La vaccinazione di routine in Guinea si era drasticamente ridotta durante l'epidemia di Ebola del 2014-2015, sia perché la maggior parte delle risorse e dell'attenzione erano rivolte alla gestione dell’epidemia, sia, soprattutto, per la paura: le persone si tenevano alla larga dalle strutture sanitarie e le attività di vaccinazione erano state sospese a causa dei rischi di infezione. Per questo migliaia di bambini sono rimasti senza alcuna protezione contro malattie facilmente prevenibili. Lo scorso anno, le autorità sanitarie hanno organizzato una campagna di vaccinazione su scala nazionale per immunizzare i bambini che avevano una vaccinazione incompleta e migliorare la copertura (MSF non ha partecipato a questa campagna). Nonostante questo sforzo di catch up, l'8 febbraio 2017 è stata dichiarata l’epidemia di morbillo.

“Il fatto che si verifichi una nuova epidemia appena un anno dopo una campagna di vaccinazione di massa è un segnale preoccupante della debolezza dell’assistenza sanitaria in Guinea”, dichiara Ibrahim Diallo, responsabile dei progetti di MSF in Guinea. “I problemi che ancora permangono nel sistema sanitario, minano la sua capacità di prevenire e reagire alle epidemie in modo efficace e tempestivo”.

Dopo la devastante epidemia di Ebola che ha ucciso oltre 11.000 persone e gravemente compromesso i sistemi sanitari dei tre paesi più colpiti(Guinea, Sierra Leone e Liberia), l'OMS e i maggiori esperti in materia di sanità pubblica hanno insistito sull'importanza di ricostruire sistemi sanitari reattivi nei tre paesi, attrezzandoli e sostenendoli per gestire al meglio simili o nuove crisi sanitarie.

Secondo l'organismo delle Nazioni Unite per la risposta all'Ebola[2], solo il 18% dei fondi erogati per sostenere i paesi durante l'Ebola erano destinati al ripristino dei sistemi sanitari.

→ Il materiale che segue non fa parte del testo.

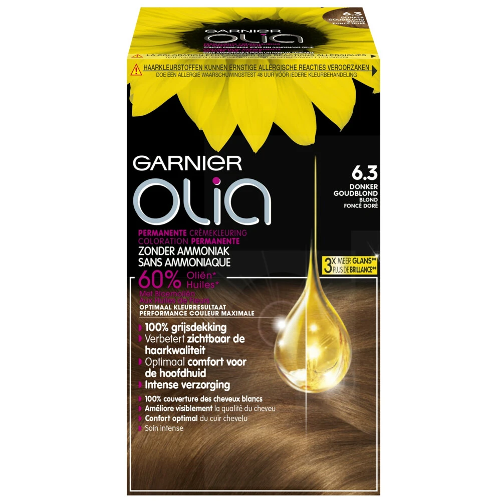 Garnier Olia 6.3 – Donker GoudblondErvaar de Olia haarkleuring van Garnier voor een prachtig resultaat. Door het gebruik van oliën wordt een optimale kleuring van de haarvezel bereikt en wordt de kwaliteit van het haar zichtbaar verbetert. En de Olia haarkleuring bevat een fijn subtiele geur.100% grijsdekkingVerbetert zichtbaar de haarkwaliteit35% zachter en 17% glanzender haarMaakt tot wel 3 tinten lichterOlia van Garnier is een haarkleuring die gemakkelijk en prettig is aan te breng

L'impegno dei donatori internazionali si è concentrato sul miglioramento della sorveglianza delle malattie per garantire la diagnosi precoce e la reazione alle epidemie come l'Ebola. Tuttavia, oggi, di fronte a un'enorme epidemia di morbillo, solo le Ong MSF (a Conakry) e Alima (nel distretto di Nzérokoré) stanno sostenendo il Ministero della Salute per la campagna di vaccinazione nei distretti più colpiti. L’eventuale sostegno di OMS e UNICEF ad altri distretti colpiti in tutto il paese è ancora in discussione.

“Se l'Ebola è suonata come una sveglia, da allora il mondo sembra essersi riaddormentato. Come dimostra questa epidemia di morbillo, l'impatto delle promesse di finanziamento, supporto e formazione fatte durante e dopo la crisi dell'Ebola ancora non è percepibile”, dichiara il dott. Mit Philips, esperto di politiche sanitarie per MSF. “L’assistenza sanitaria era palesemente carente già prima che l'Ebola colpisse. Oggi il paese sta affrontando gli stessi problemi di allora, in gran parte da solo, nonostante l’impegno dichiarato pubblicamente da parte della comunità internazionale di costruire sistemi sanitari migliori e più reattivi”.

Per contenere l'epidemia di morbillo, MSF, assieme al Ministero della Salute, sta mobilitando 126 équipe di 13 persone, distribuite in 164 centri di vaccinazione di Conakry, che conta 3 milioni di abitanti. Saranno vaccinati tutti i bambini di età compresa tra 6 mesi e 10 anni. MSF sostiene inoltre 30 centri sanitari a Conakry per la cura dei bambini affetti da casi lievi di morbillo, e il centro di riferimento in cui sono ricoverati i casi gravi.